DATA AND METHODOLOGY The dataset utilized in the study comprises 31,520 DPS observations and 21,740 DPS change observations. The sample is based on companies domiciled in EU15 countries. The sample period extends from January 1993 to December 2012. All data is retrieved from Thomson ONE database. To test the hypotheses, various basic statistical methods are utilized with OLS regressions and descriptive statistics serving as the starting point. Piecewise linear regressions are also employed to study the expected non-linearity of dividend change inflicted market reaction.

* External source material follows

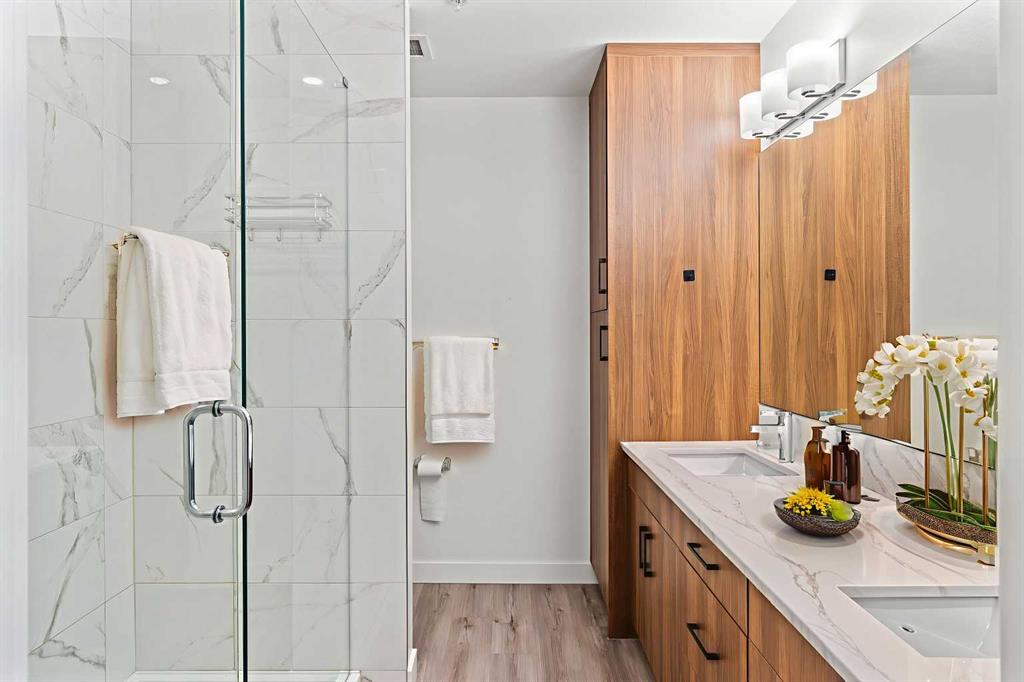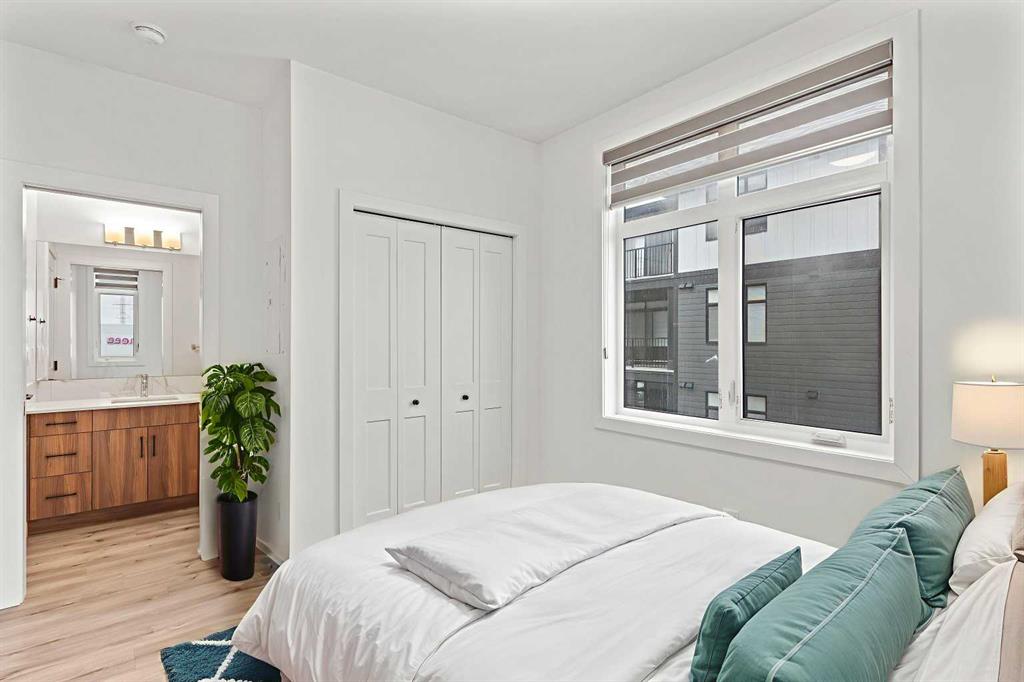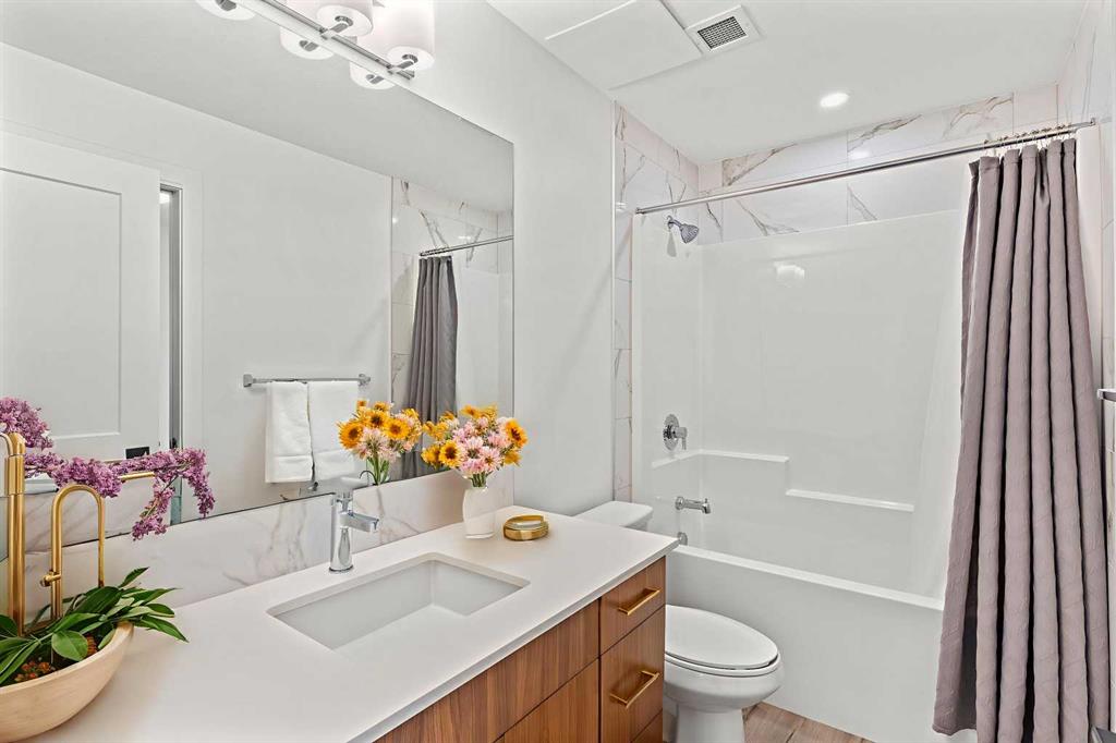 The primary suite is a private retreat, offering a generous layout, an extra-large walk-in closet with custom organizer, and a spa-inspired 4-piece ensuite complete with a tiled shower and upgraded cabinetry. The second bedroom provides excellent flexibility, enhanced by a pocket door offering direct access to the main bathroom—ideal for guests or a home office setup.

RESULTS The empirical results of this study show the important role of psychological concepts in explaining dividend related phenomena. The vast majority of results are statistically and economically significant and consistent with the hypotheses set forth. The results imply that investors evaluate the dividend payments in comparison to DPS rates established in prior periods. Investors react to dividend changes in a manner which suggests that managers are believed to signal information through dividend policy. Moreover, prospect theory value function characteristics can be seen in investors' market reaction patterns and the salience of a reference point is strengthened by dividend streaks. In addition, dividend smoothing elements are evident in the distribution of raw DPS observations as well as the centering on round numbers for both raw DPS and DPS change observations. It seems that managers are reluctant to cut an established level of dividend in fear of an adverse market reaction. This effect is not, however, present in the scarce number of dividend cuts observed within EU15 companies.